WHAT TO DO:
Set down the full listing below word for word; pictures stay out of the copy.

GIVEN DATA:
——

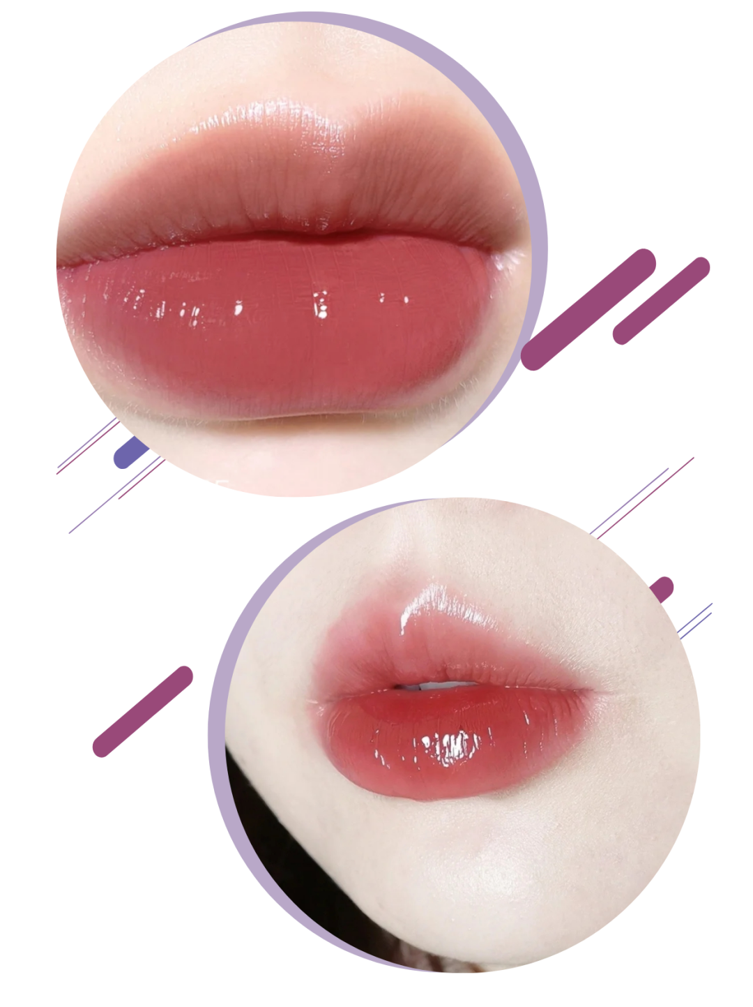 玻璃唇妆效,上嘴水润,会根据自身唇色ph值变色哇~后续也不会拔干,很持久!不沾杯。出门约会怕吃饭掉色就涂这只!
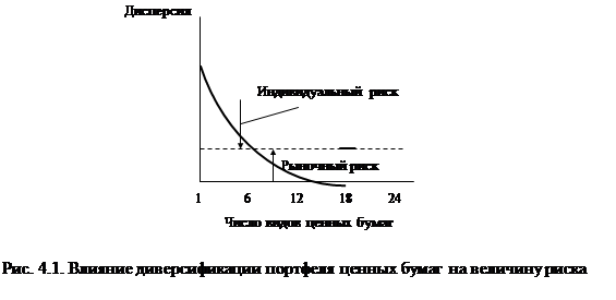 Диверсификация и риск. Для снижения риска портфель ценных бумаг обычно диверсифицируют, т.е. распределяют вложения по разным ценным бумагам. Между диверсификацией и изменчивостью дохода существует обратная зависимость. В основе подобного положения лежит несовпадение изменчивости фондового портфеля в целом со средней изменчивостью доходности отдельных ценных бумаг, составляющих портфель. Влияние диверсификации на снижение риска по мере нарастания числа видов ценных бумаг, формирующих портфель, представлено на рис. 4.1. Стрелка, идущая вниз, указывает на область так называемого индивидуального риска, который прямо зависит от степени диверсификации портфеля. Чем больше число разноименных ценных бумаг в портфеле, тем резче кривая значений риска падает вниз. Область действия рыночного риска, присущего даже хорошо диверсифицированному портфелю, представлена на рисунке стрелкой, направленной вверх. Рыночный риск не устраним никакой диверсификацией, это систематический риск, и в этом его отличие от индивидуального риска, который можно назвать диверсифицируемым, или несистематическим риском.
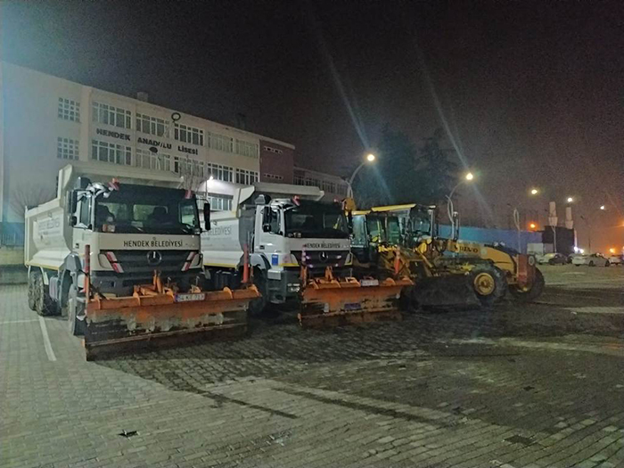 Meteoroloji Genel Müdürlüğünden gelen veriler doğrultusunda teyakkuza geçen Hendek Belediyesi ekipleri hazırlıklarını tamamladı. Günler öncesinden koordinasyon sağlayarak planlamalarını yapan Hendek Belediyesi ekipleri verilen kar alarmıyla birlikte nöbete geçti. Hendek Belediyesi toplamda 54 araç ve 80 personel ile karla mücadele çalışması yapacak. 5 grayder, 4 kar kamyonu, 5 JCB, 3 loder, Büyükşehir Belediyesine ait 2 kar kamyonu, 9 kiralık JCB ve 26 kiralık traktör ile kar timleri göreve hazır hale getirildi.
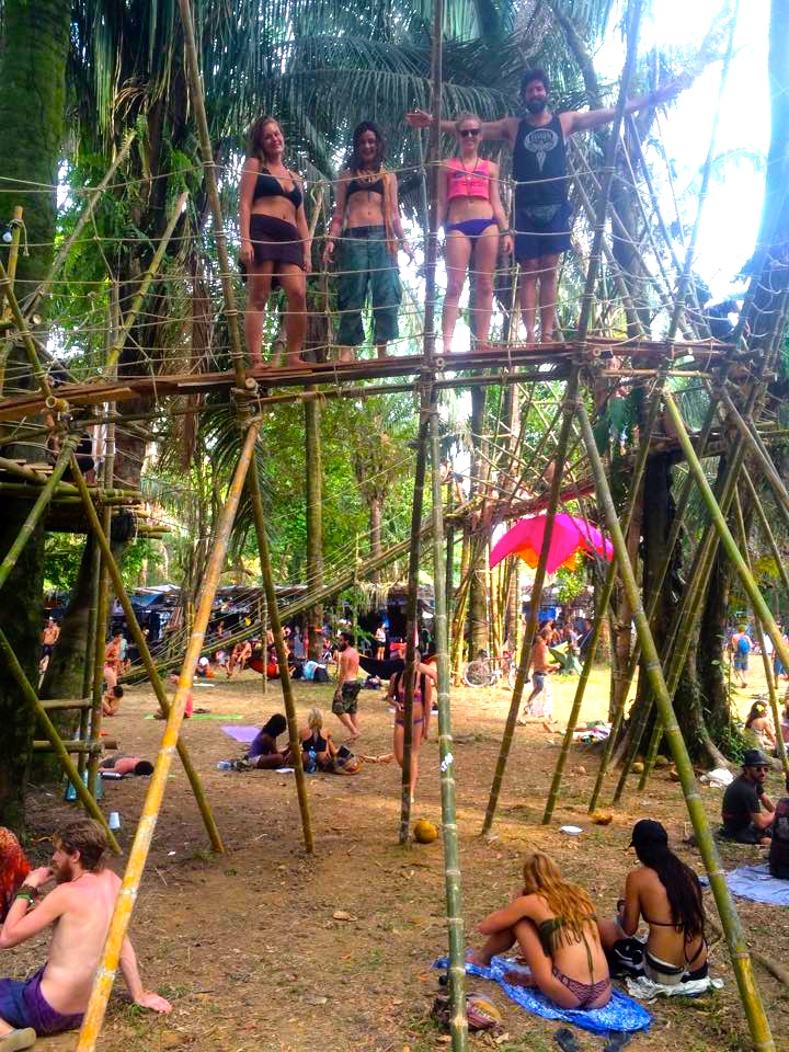 The grounds were amazing. We were in the jungle, but much of the land had been cleared and it was mostly grassy with huge trees scattered around, most of them on the outside acting somewhat as a border for the grounds. Everything was lush and green, and the ocean was a one minute walk through a rabbit hole like pathway. There were 2 huge main stages, and two smaller stages. The main stage, Luna, was encompassed by a structure of a jaguar sitting in lotus position, with two sets of hands in chin mudra. There were intricately built jungle like gym structures of wood that you could climb atop to reach platforms to watch the stage from or listen to the howlers monkeys from, a plank like walkway with railings connecting one to another, with hammocks strung here and there on the lower sections. The bathrooms were compostable outhouses who’s walls were built from black mesh material that helped keep the smells down. The main street where the food market and vendors were was nicely laid out with another structure in the center for people to play in. Acro yoga workshops were offered here so you could fly and then grab a smoothie and life changing falafel afterwards. A huge slide made of wood and bamboo was erected and you had to climb up the jungle gym like structure stairs on one side and make the long walk across the thin plank structure to get the slide. You grabbed a potato sack and sent yourself flying down the slide squealing with delight while the yogis practiced putting their flyers into throne position below.

——

ANSWER SPACE:
 玻璃唇妆效,上嘴水润,会根据自身唇色ph值变色哇~后续也不会拔干,很持久!不沾杯。出门约会怕吃饭掉色就涂这只!
 Диверсификация и риск. Для снижения риска портфель ценных бумаг обычно диверсифицируют, т.е. распределяют вложения по разным ценным бумагам. Между диверсификацией и изменчивостью дохода существует обратная зависимость. В основе подобного положения лежит несовпадение изменчивости фондового портфеля в целом со средней изменчивостью доходности отдельных ценных бумаг, составляющих портфель. Влияние диверсификации на снижение риска по мере нарастания числа видов ценных бумаг, формирующих портфель, представлено на рис. 4.1. Стрелка, идущая вниз, указывает на область так называемого индивидуального риска, который прямо зависит от степени диверсификации портфеля. Чем больше число разноименных ценных бумаг в портфеле, тем резче кривая значений риска падает вниз. Область действия рыночного риска, присущего даже хорошо диверсифицированному портфелю, представлена на рисунке стрелкой, направленной вверх. Рыночный риск не устраним никакой диверсификацией, это систематический риск, и в этом его отличие от индивидуального риска, который можно назвать диверсифицируемым, или несистематическим риском.
 Meteoroloji Genel Müdürlüğünden gelen veriler doğrultusunda teyakkuza geçen Hendek Belediyesi ekipleri hazırlıklarını tamamladı. Günler öncesinden koordinasyon sağlayarak planlamalarını yapan Hendek Belediyesi ekipleri verilen kar alarmıyla birlikte nöbete geçti. Hendek Belediyesi toplamda 54 araç ve 80 personel ile karla mücadele çalışması yapacak. 5 grayder, 4 kar kamyonu, 5 JCB, 3 loder, Büyükşehir Belediyesine ait 2 kar kamyonu, 9 kiralık JCB ve 26 kiralık traktör ile kar timleri göreve hazır hale getirildi.
 The grounds were amazing. We were in the jungle, but much of the land had been cleared and it was mostly grassy with huge trees scattered around, most of them on the outside acting somewhat as a border for the grounds. Everything was lush and green, and the ocean was a one minute walk through a rabbit hole like pathway. There were 2 huge main stages, and two smaller stages. The main stage, Luna, was encompassed by a structure of a jaguar sitting in lotus position, with two sets of hands in chin mudra. There were intricately built jungle like gym structures of wood that you could climb atop to reach platforms to watch the stage from or listen to the howlers monkeys from, a plank like walkway with railings connecting one to another, with hammocks strung here and there on the lower sections. The bathrooms were compostable outhouses who’s walls were built from black mesh material that helped keep the smells down. The main street where the food market and vendors were was nicely laid out with another structure in the center for people to play in. Acro yoga workshops were offered here so you could fly and then grab a smoothie and life changing falafel afterwards. A huge slide made of wood and bamboo was erected and you had to climb up the jungle gym like structure stairs on one side and make the long walk across the thin plank structure to get the slide. You grabbed a potato sack and sent yourself flying down the slide squealing with delight while the yogis practiced putting their flyers into throne position below.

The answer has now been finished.